Aquí y allá, mal que le hubiera de pesar al moralista Alarcón, su prosa resulta electrizante a la hora de describir la pura atracción física, la desbocada tentación sensual… Sus descripciones de la belleza femenina son, asimismo, rotundas exposiciones de los encantos sensuales de la mujer: así, por ejemplo, el narrador de “La última calaverada” describe a su amante como “rica de formas y gallarda de movimientos” y, tras otros pormenores, concluye exclamando: “¡Parecía la estatua viva del pecado!”

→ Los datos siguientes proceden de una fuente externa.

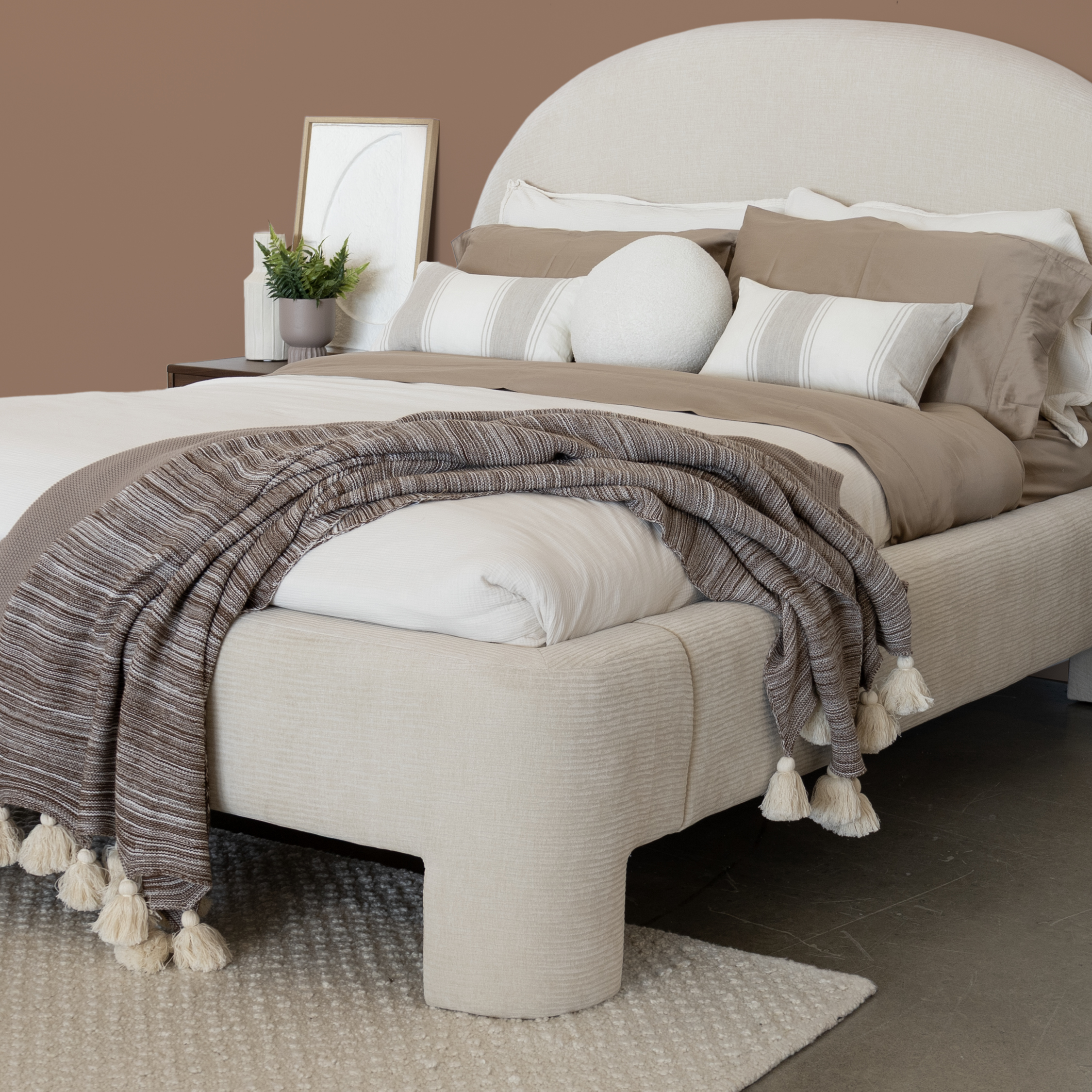 Le revêtement en velours côtelé beige ajoute du relief et une richesse tactile, en plus d’un style rétro chic qui revient en force. Associé à des draps en lin lavé ou en coton satiné, il deviendra le terrain parfait pour superposer coussins et jetés aux teintes muscade et moka.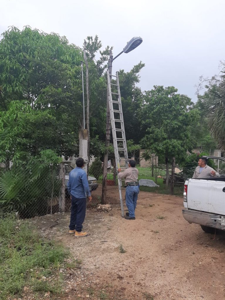 «Hemos trabajado desde hace una semana recorriendo las comunidades, verificando que las luminarias se encuentren en buen estado y cambiando las inservibles por nuevas, ya que contantemente se dañan, el día de mañana concluimos con todo el alumbrado público de todo el municipio.» Mencionó José Antonio Cocom, Director de Servicios Públicos Municipal.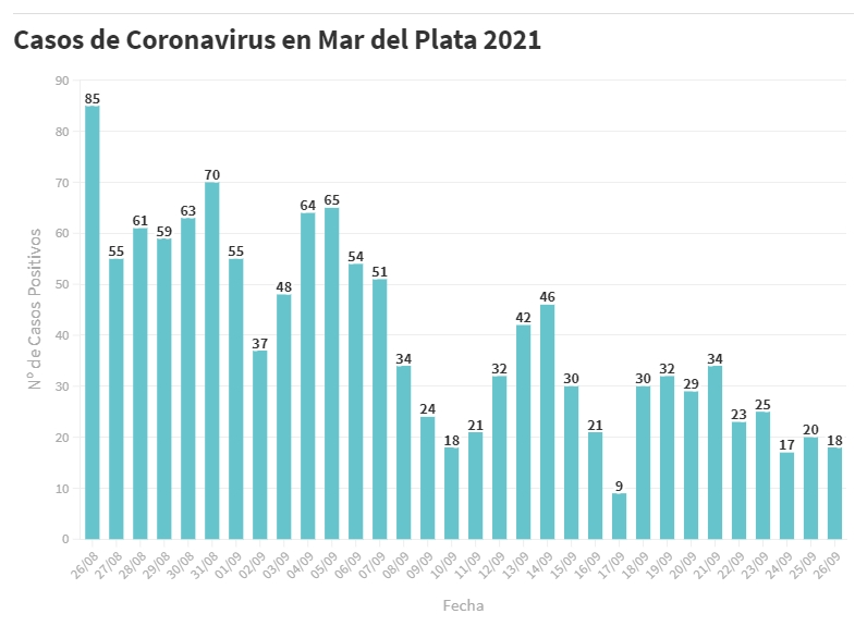 En el último informe del SISA reportado este domingo se confirmaron 18 nuevos pacientes en tratamiento por Covid-19 en General Pueyrredon, de los cuales 2 corresponden a casos definidos por criterio clínico epidemiológico y 16 a estudios laboratoriales realizados desde el 22 al 25 de septiembre.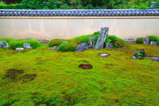 By the Kamakura and Muromachi periods, natural boulder Shumisen stones were used in karesansui gardens, the dry landscape gardens composed of natural boulders typically set in fields of raked sand. One such example can be found in the Muromachi-period Ryōgintei garden at Ryōgenin temple. Ryōgenin is one of the many subtemples in the large Daitokuji Zen monastery in Kyoto. The garden is on the north side of the hōjō, main hall, where the rooms facing the garden were used as the head priest’s residence and studies. In Ryōgintei the stones are placed in a field of carefully tended moss, although the original surface was more likely to have been sand, or simply packed earth.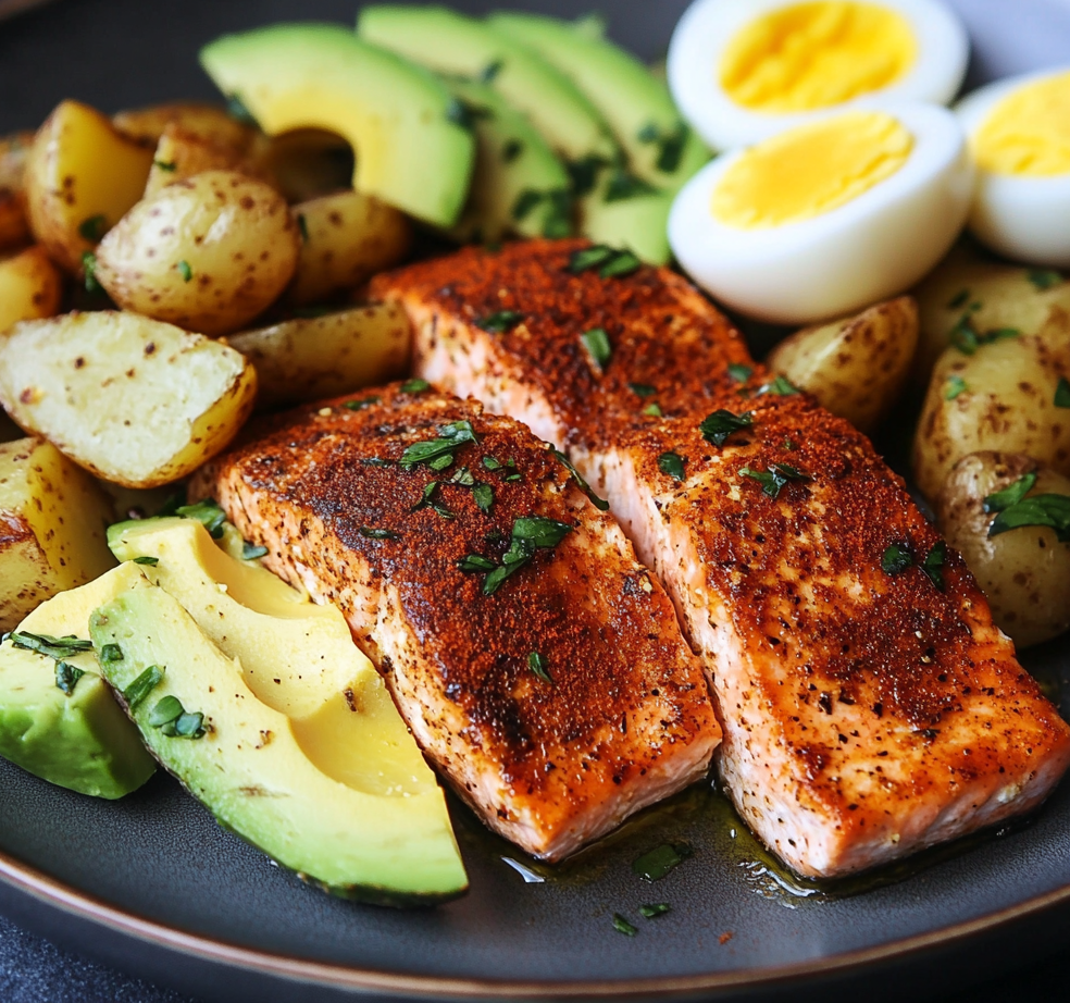 Spiced Salmon with Garlic Herb Potatoes, Avocado & Soft-Boiled Eggs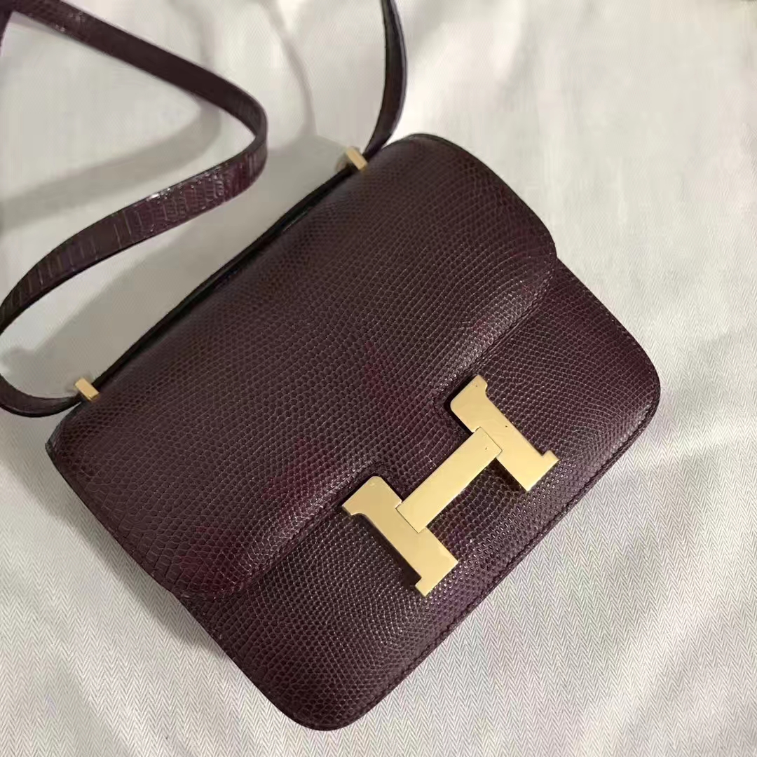 Brand: Hermes; Style: Constance Bag; Material: Lizard Leather;Color: CK57 Bordeaux; Size:18cm; Hardware: Gold; Package:Complete Package.Function:Shoulder Bag,Cross Body Bag.

En la colección de cuentos de Alarcón dedicada a Narraciones inverosímiles, recogió el autor una serie de relatos fantásticos y de terror. Junto con algunas de las leyendas de Bécquer, estas primicias del género en nuestra lengua siguen la estela narrativa de Edgard Allan Poe (1809-1849).

El sorprendente cuento fantástico “El amigo de la muerte” (1852) desarrolla un enredo amoroso en el que el infortunado protagonista Gil Gil es socorrido por la misteriosa Muerte. Pese a su irregular desenlace, esta narración ofrece situaciones memorables, entre otras la audiencia del rey Felipe V a Gil Gil en el palacio real de La Granja de San Ildefonso, la presencia de nuestro protagonista ante el lecho de muerte del rey Luis I en 1724…

En otra de las narraciones de esta serie, un ingeniero de Montes destinado a la provincia de Albacete cuenta la inquietante historia de los aciagos encuentros de su amigo Telesforo con “La mujer alta” (1881).